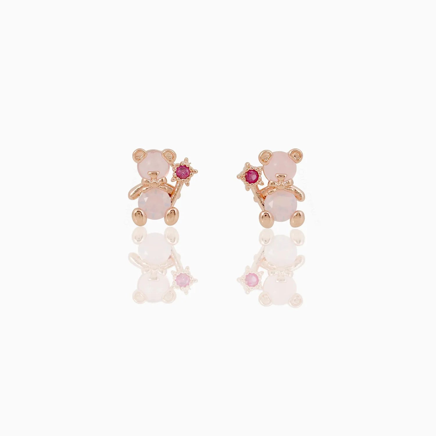✨Pendientes "Teddy Glow" 🧸 Ositos de Zirconia Rosa Dorados
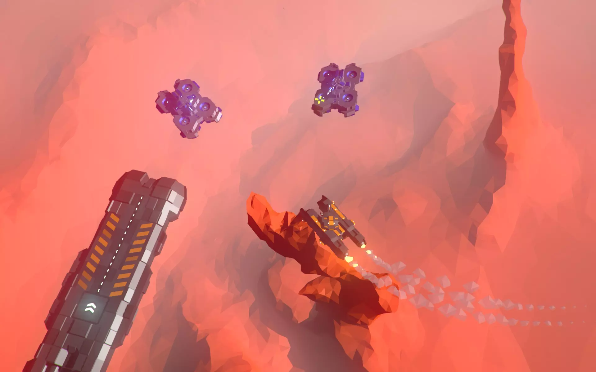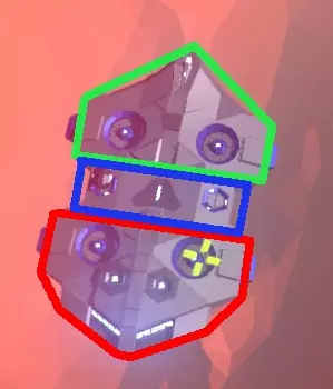 这艘航母的前部/火炮区域以及右前方的悬停引擎已损毁,很快就会坠毁。中央方形区域(即机库)可从侧面攻击。
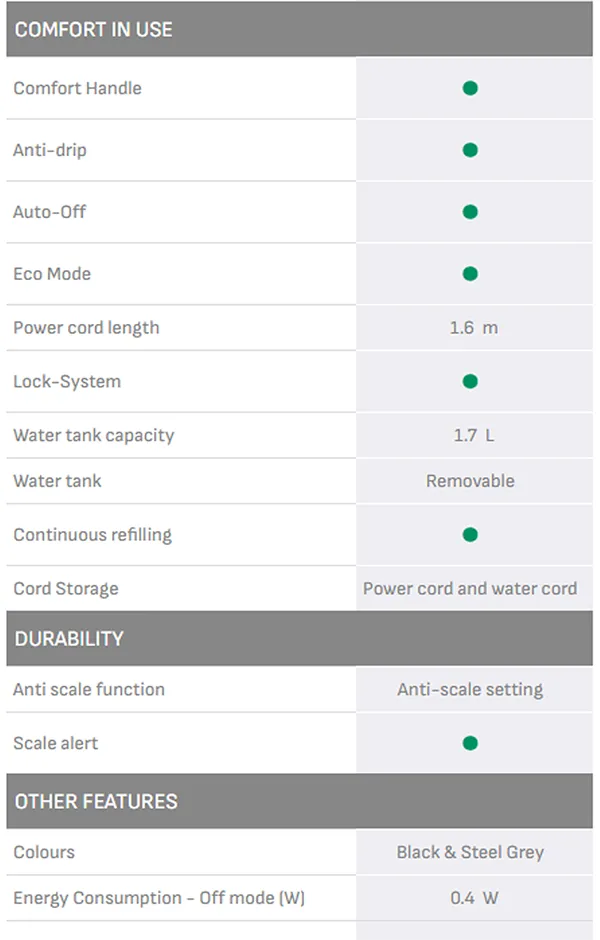 - Extra-powerful 350g/minute steam boost
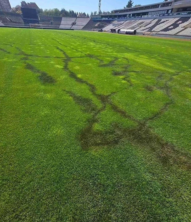 Подожгли газон и разбросали стекло: вандалы проникли на стадион «Партизана» перед дерби с «Црвеной Звездой»📹
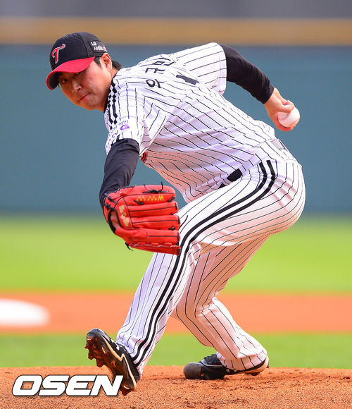 24일 오후 서울 잠실구장에서 열린 '2013 한국야쿠르트 세븐 프로야구' LG 트윈스와 SK 와이번스의 경기, 1회초 LG 선발투수 우규민이 역투하고 있다.
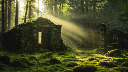 A captivating scene of sunlight piercing through the trees, illuminating ancient ruins overgrown with moss. This tranquil forest landscape evokes a sense of mystery and harmony.
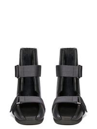RICK OWENS SS24 LIDO RUNWAY LOW SPLINT SANDAL IN BLACK/BLACK GROPPONE COW LEATHER THESE LOW SPLINT SANDALS ARE ABOVE-ANKLE HEIGHT. THEY HAVE A RIGID FOAM OUTER THAT WRAPS THE SIDES OF THE FOOT AND AROUND THE BACK LEG AND ANKLE. THEY HAVE A ROUNDED CENTRE BACK CUT OUT, THAT IS SECURED IN PLACE WITH ADJUSTABLE WEBBING STRAPS. THEY HAVE AN OPEN FRONT AND FEATURES A SHARK-TOOTHED SOLETHIS HEAVYWEIGHT COW LEATHER IS VEG TANNED AND FINISHED USING NATURAL WAXES. BECAUSE THIS SKIN IS NAKED, NOT FINISHED USING ANY PIGMENTS COVERING THE SKIN, NATURAL MARKINGS AND SHADINGS ARE VISIBLE WHICH MAKES EACH SKIN AND PRODUCT UNIQUE. VEG TANNING MEANS ONLY VEGETAL AND NATURAL TANNINS WERE USED IN THE PROCESS OF TANNING AND PRESERVING THIS LEATHER. THIS TANNERY IS LWG CERTIFIED WITH A GOLD RATING. - COLOR: BLACK/BLACK - MATERIAL: UPPER 100% COW LEATHER - UPPER LINING 100% CALF LEATHER - LEG LINING 100% NYLON - INSOLE 100% CALF LEATHER - SOLE 100% RUBBER

* Requirement *
For your answer, write out the data exactly and drop every picture.

* Response area *
✨Pendientes "Teddy Glow" 🧸 Ositos de Zirconia Rosa Dorados
 这艘航母的前部/火炮区域以及右前方的悬停引擎已损毁,很快就会坠毁。中央方形区域(即机库)可从侧面攻击。
 - Extra-powerful 350g/minute steam boost
 Подожгли газон и разбросали стекло: вандалы проникли на стадион «Партизана» перед дерби с «Црвеной Звездой»📹
 24일 오후 서울 잠실구장에서 열린 '2013 한국야쿠르트 세븐 프로야구' LG 트윈스와 SK 와이번스의 경기, 1회초 LG 선발투수 우규민이 역투하고 있다.
 A captivating scene of sunlight piercing through the trees, illuminating ancient ruins overgrown with moss. This tranquil forest landscape evokes a sense of mystery and harmony.
RICK OWENS SS24 LIDO RUNWAY LOW SPLINT SANDAL IN BLACK/BLACK GROPPONE COW LEATHER THESE LOW SPLINT SANDALS ARE ABOVE-ANKLE HEIGHT. THEY HAVE A RIGID FOAM OUTER THAT WRAPS THE SIDES OF THE FOOT AND AROUND THE BACK LEG AND ANKLE. THEY HAVE A ROUNDED CENTRE BACK CUT OUT, THAT IS SECURED IN PLACE WITH ADJUSTABLE WEBBING STRAPS. THEY HAVE AN OPEN FRONT AND FEATURES A SHARK-TOOTHED SOLETHIS HEAVYWEIGHT COW LEATHER IS VEG TANNED AND FINISHED USING NATURAL WAXES. BECAUSE THIS SKIN IS NAKED, NOT FINISHED USING ANY PIGMENTS COVERING THE SKIN, NATURAL MARKINGS AND SHADINGS ARE VISIBLE WHICH MAKES EACH SKIN AND PRODUCT UNIQUE. VEG TANNING MEANS ONLY VEGETAL AND NATURAL TANNINS WERE USED IN THE PROCESS OF TANNING AND PRESERVING THIS LEATHER. THIS TANNERY IS LWG CERTIFIED WITH A GOLD RATING. - COLOR: BLACK/BLACK - MATERIAL: UPPER 100% COW LEATHER - UPPER LINING 100% CALF LEATHER - LEG LINING 100% NYLON - INSOLE 100% CALF LEATHER - SOLE 100% RUBBER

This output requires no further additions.